The task:
Starting with the first line of the data below, copy each line up to and including the one containing "这是8月7日在位于重庆市开州". Pictures stay out.

(Items from a data source)
- Opening Delimiter -

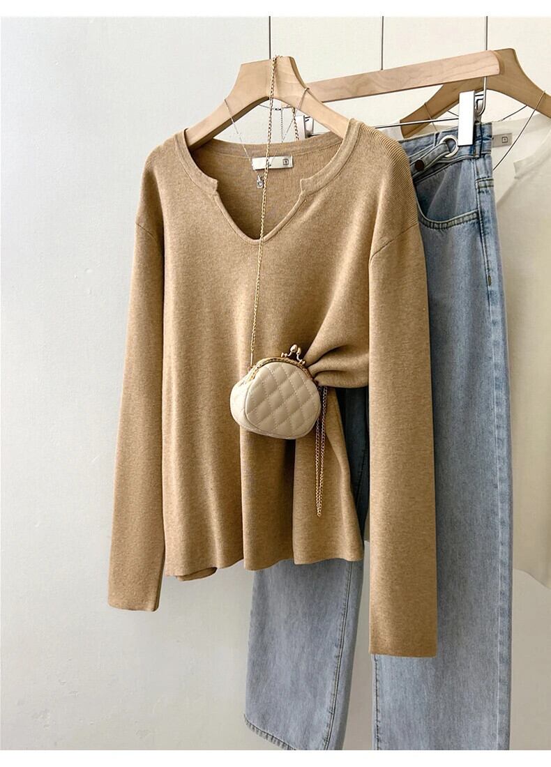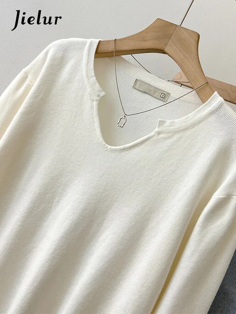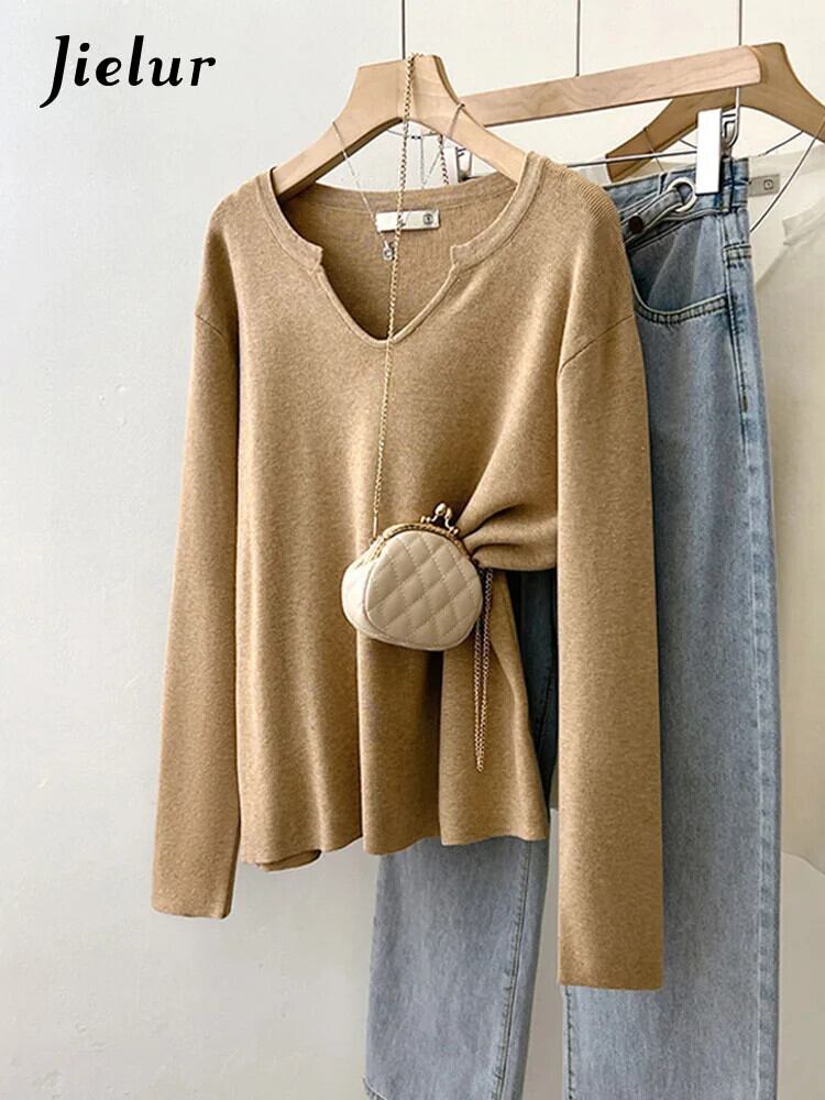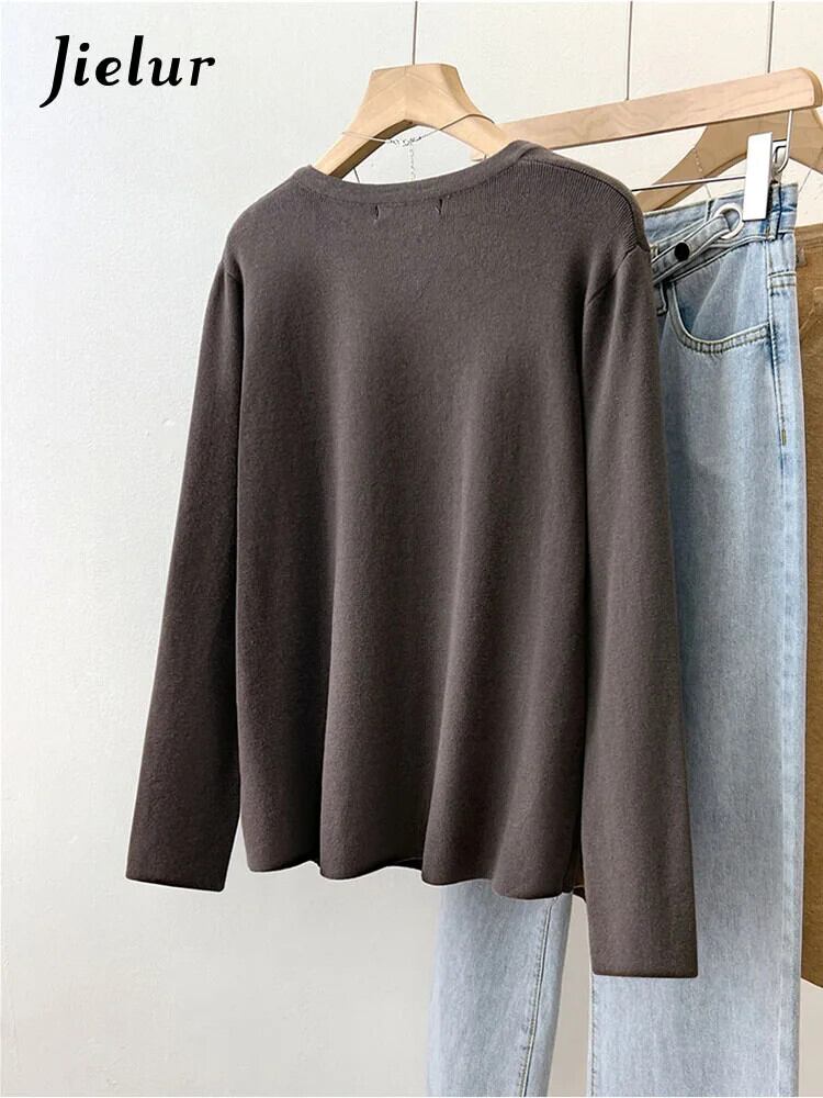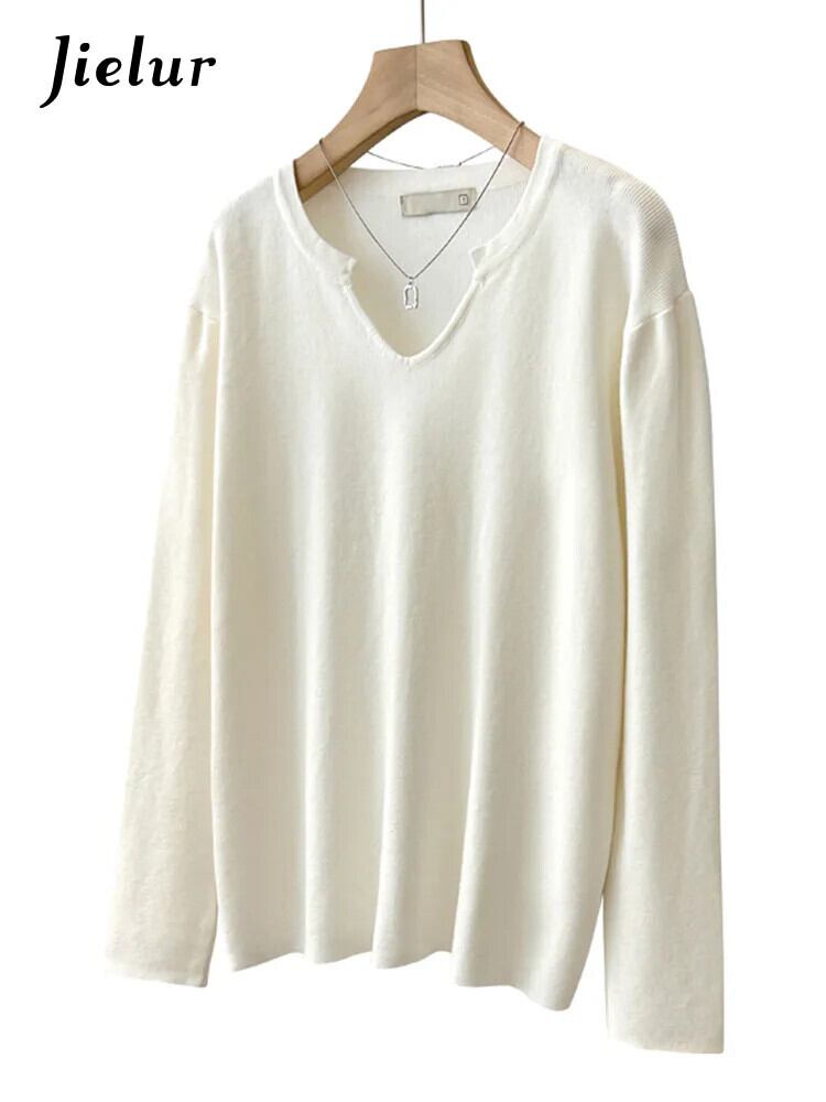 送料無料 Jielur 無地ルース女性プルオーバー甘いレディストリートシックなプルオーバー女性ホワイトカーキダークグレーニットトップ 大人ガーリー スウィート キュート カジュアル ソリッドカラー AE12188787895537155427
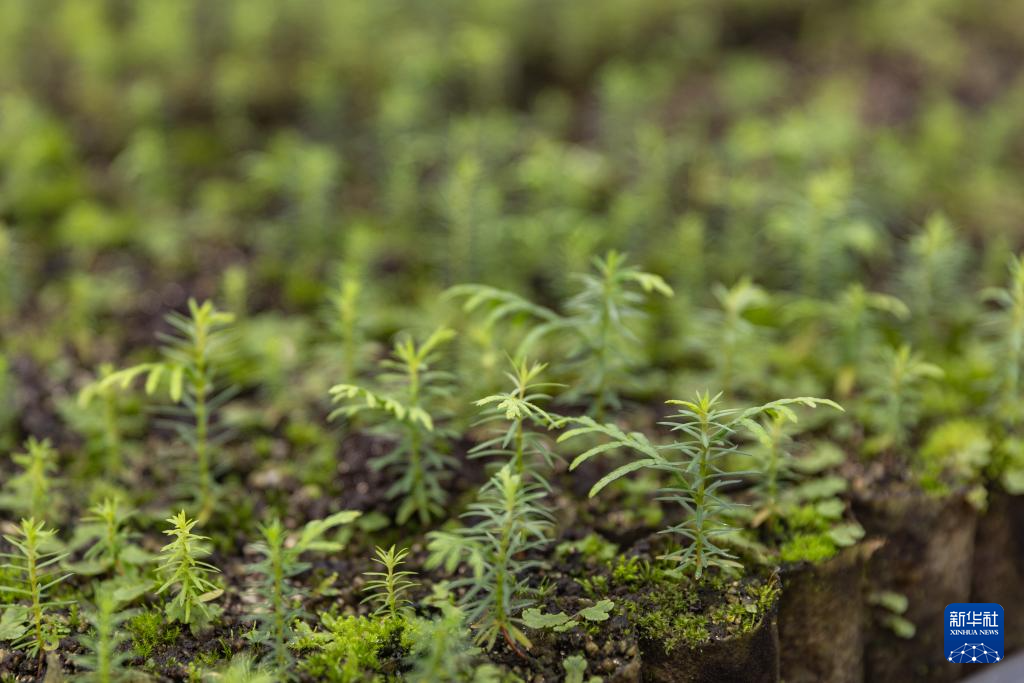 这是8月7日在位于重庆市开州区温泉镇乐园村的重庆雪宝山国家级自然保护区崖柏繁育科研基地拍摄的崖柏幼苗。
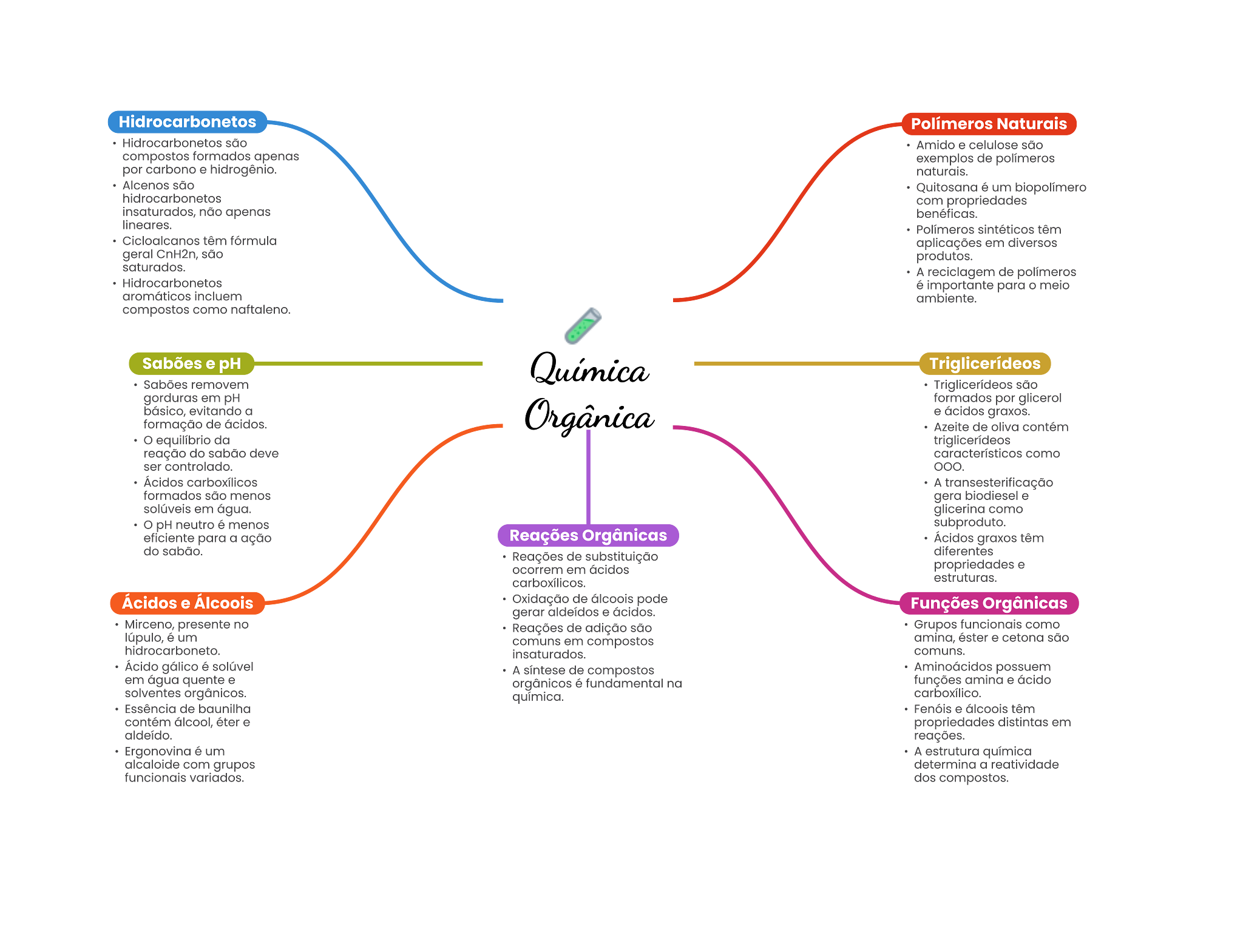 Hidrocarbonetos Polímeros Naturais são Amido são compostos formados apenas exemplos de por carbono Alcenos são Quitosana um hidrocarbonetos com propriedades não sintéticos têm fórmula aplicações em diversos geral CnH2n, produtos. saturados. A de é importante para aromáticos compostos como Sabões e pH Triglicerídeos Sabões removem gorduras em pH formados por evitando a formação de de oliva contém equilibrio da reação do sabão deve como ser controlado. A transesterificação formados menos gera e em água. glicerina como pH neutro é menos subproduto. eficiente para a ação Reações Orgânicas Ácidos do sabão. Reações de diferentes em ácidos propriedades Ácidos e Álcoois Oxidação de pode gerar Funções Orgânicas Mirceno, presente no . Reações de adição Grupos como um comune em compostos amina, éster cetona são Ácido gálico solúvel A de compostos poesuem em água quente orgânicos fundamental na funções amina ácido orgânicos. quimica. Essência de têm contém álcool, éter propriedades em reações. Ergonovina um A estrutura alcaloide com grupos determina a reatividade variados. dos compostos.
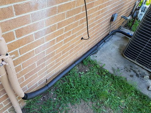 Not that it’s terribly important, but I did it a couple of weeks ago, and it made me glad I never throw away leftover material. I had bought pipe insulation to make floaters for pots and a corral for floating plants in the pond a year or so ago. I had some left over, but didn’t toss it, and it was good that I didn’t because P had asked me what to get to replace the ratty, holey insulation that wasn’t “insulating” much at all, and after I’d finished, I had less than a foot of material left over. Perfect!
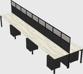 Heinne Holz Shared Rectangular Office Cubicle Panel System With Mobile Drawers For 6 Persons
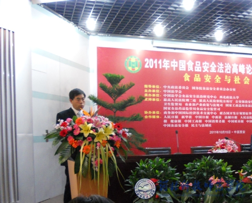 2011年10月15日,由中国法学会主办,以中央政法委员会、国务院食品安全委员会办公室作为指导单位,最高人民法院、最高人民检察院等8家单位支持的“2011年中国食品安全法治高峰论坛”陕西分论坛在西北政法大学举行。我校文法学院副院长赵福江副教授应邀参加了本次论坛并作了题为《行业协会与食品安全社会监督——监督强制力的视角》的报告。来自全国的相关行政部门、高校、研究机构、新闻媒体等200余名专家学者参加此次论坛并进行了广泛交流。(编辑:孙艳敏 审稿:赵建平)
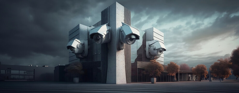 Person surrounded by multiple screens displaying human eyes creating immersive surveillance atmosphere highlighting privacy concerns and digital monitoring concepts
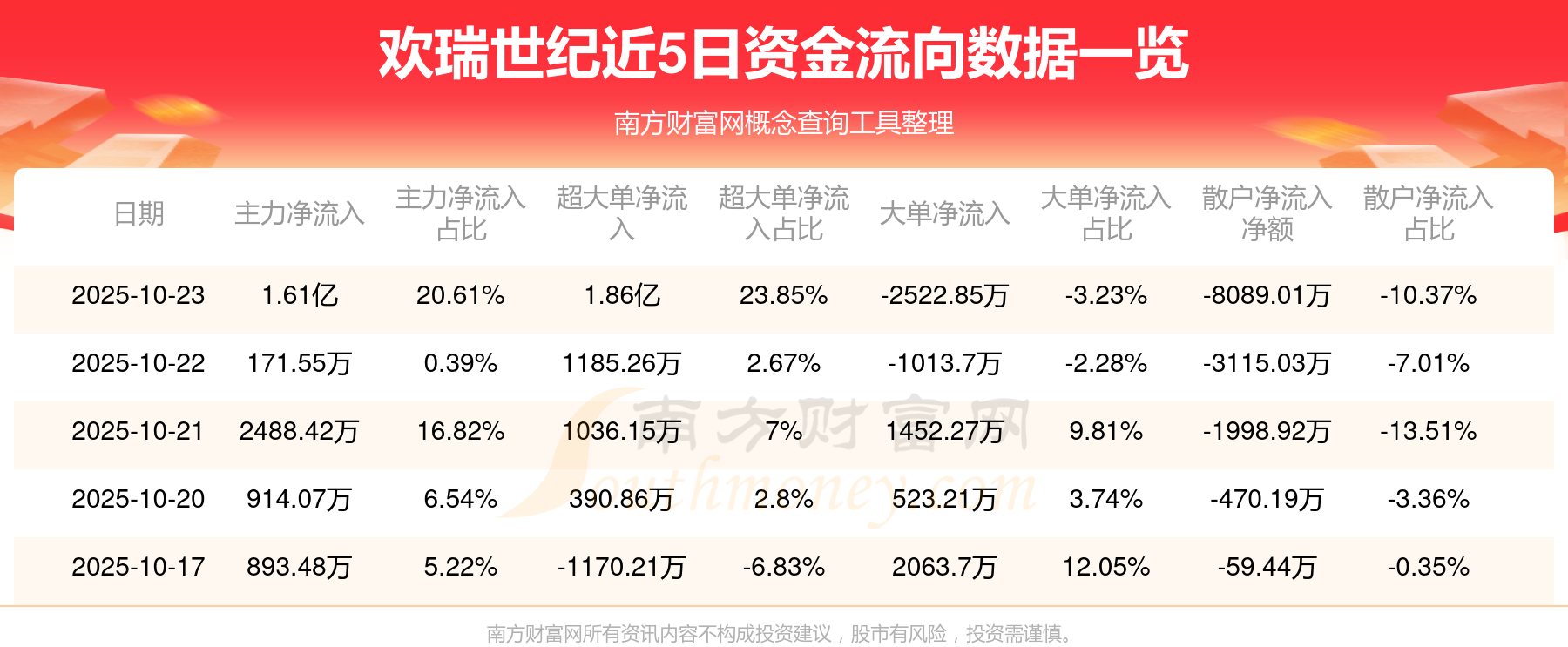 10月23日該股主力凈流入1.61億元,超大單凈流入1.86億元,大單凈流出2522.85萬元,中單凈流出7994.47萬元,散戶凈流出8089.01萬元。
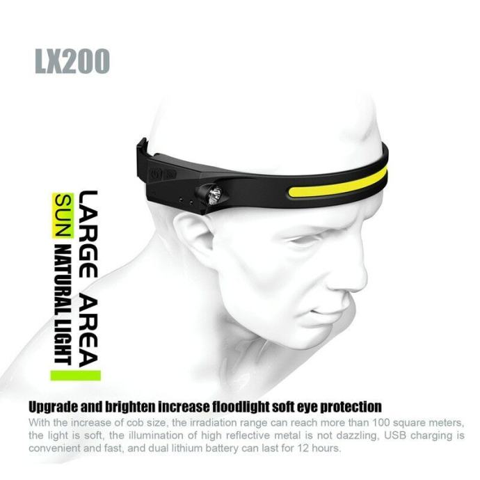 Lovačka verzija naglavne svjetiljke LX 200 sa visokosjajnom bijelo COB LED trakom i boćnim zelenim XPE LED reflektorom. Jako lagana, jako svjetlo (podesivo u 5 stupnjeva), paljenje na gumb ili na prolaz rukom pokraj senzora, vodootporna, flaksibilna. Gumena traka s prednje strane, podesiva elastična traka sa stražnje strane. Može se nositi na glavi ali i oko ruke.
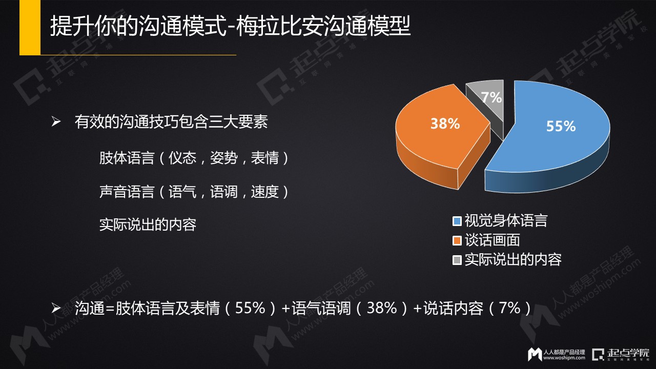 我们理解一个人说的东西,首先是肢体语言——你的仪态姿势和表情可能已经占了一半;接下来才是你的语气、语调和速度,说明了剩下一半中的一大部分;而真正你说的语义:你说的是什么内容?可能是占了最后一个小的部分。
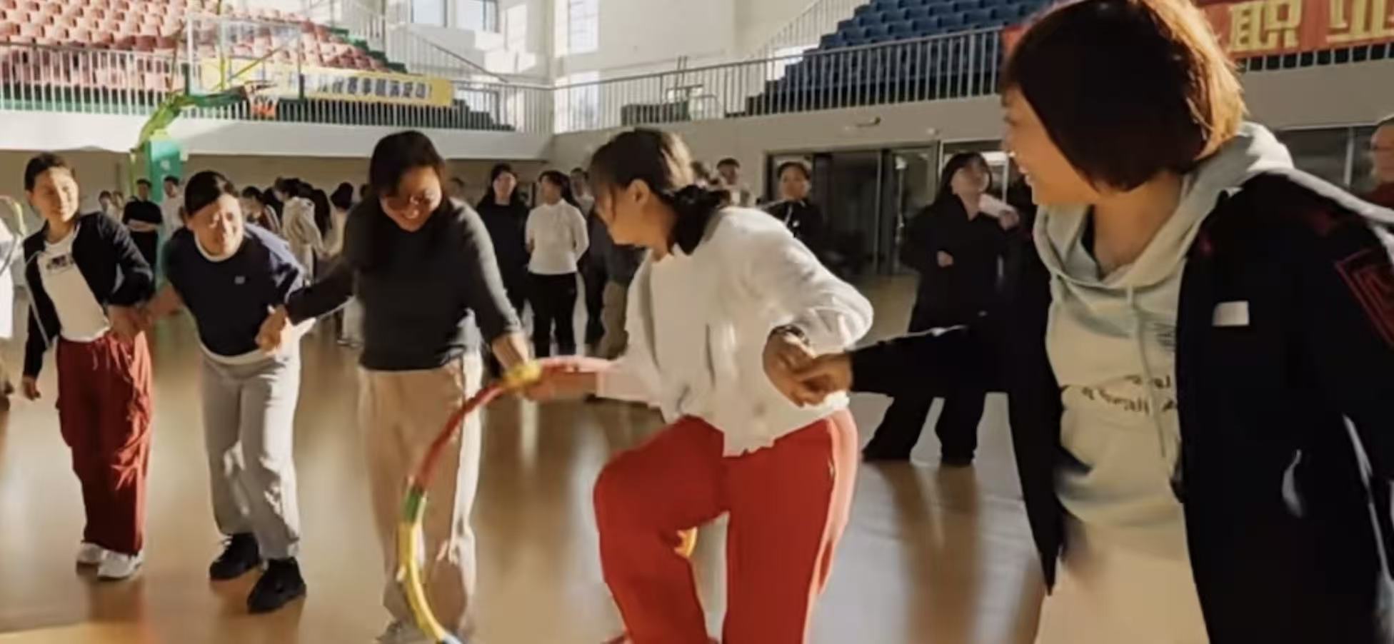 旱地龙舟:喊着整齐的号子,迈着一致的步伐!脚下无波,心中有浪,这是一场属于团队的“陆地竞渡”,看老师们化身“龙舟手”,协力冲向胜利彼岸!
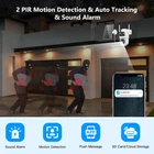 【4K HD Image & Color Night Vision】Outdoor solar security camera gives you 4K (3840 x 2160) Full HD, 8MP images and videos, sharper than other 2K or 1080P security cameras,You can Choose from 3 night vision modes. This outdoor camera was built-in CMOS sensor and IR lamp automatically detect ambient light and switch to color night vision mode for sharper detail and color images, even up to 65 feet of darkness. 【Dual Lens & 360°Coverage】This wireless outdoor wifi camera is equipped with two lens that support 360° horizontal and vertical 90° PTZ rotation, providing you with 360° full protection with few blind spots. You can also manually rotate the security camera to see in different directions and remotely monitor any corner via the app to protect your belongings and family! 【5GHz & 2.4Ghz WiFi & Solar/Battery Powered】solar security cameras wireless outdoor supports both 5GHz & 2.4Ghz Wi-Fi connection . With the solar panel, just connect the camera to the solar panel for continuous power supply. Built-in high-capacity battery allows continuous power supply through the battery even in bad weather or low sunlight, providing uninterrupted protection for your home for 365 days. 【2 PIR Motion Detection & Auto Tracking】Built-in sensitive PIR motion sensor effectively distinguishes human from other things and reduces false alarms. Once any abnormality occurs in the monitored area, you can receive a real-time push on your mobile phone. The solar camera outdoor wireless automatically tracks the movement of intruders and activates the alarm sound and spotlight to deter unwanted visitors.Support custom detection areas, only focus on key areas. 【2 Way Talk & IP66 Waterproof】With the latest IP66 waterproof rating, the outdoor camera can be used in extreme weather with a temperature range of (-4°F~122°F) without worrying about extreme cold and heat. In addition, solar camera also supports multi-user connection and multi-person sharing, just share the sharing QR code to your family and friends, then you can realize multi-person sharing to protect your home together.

- Closing Delimiter -

Answer area:
 送料無料 Jielur 無地ルース女性プルオーバー甘いレディストリートシックなプルオーバー女性ホワイトカーキダークグレーニットトップ 大人ガーリー スウィート キュート カジュアル ソリッドカラー AE12188787895537155427
 这是8月7日在位于重庆市开州区温泉镇乐园村的重庆雪宝山国家级自然保护区崖柏繁育科研基地拍摄的崖柏幼苗。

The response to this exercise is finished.